The Boston Globe has an editorial calling for an end on the state-imposed cap on the number of liquor licenses issued in Boston:
While Boston can't issue new licenses, well-financed restaurateurs can buy them from someone else. But because of the artificial scarcity of licenses, a full liquor license can go for more than $300,000. Even a beer and wine license often costs $40,000 or more — a crippling expense to someone like Henry-Garrett, who bought her restaurant tables at Ikea to save money.
Though opaque to outsiders, the market for Boston alcohol licenses is manageable for large hospitality companies. It works well for lawyers and brokers who've mastered the process, and for the elected officials to whom they contribute. Yet the cost and complexity of the system freezes out a classic American type — plucky entrepreneurs, often immigrants or first-generation strivers, who start restaurants on a shoestring. "Why should I have to call a lawyer first," asks Henry-Garrett, "to even know what the process is?"

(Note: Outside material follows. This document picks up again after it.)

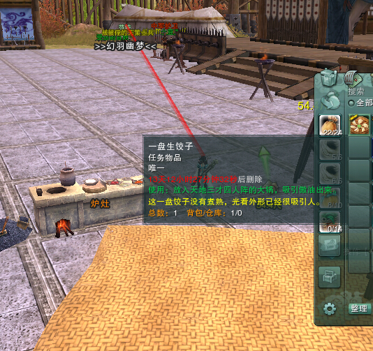 ④走到炉灶这里,右键背包里的【一盘生饺子】,遨游就被引出来了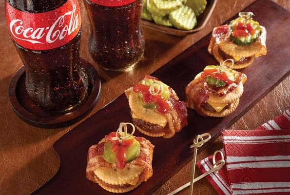Bacon-Wrapped Cheeseburger RITZwiches are a hearty game changer. Made with ground beef, bacon and cheese, these apps are sure to please!

The cap on liquor licenses creates broader problems. The system has, for instance, become a locus for political corruption. Former state senator Dianne Wilkerson — whose district included Roxbury, a neighborhood long starved for economic development — took bribes in exchange for trying to steer a license to a local businessman.
The editorial focuses on liquor licenses, but the statements can be generalized to other regulations as well — they tend to help lawyers, politicians, lobbyist-fixers and those with the means to hire them, while hurting would-be new entrants like immigrant entrepreneurs or undercapitalized small businesses.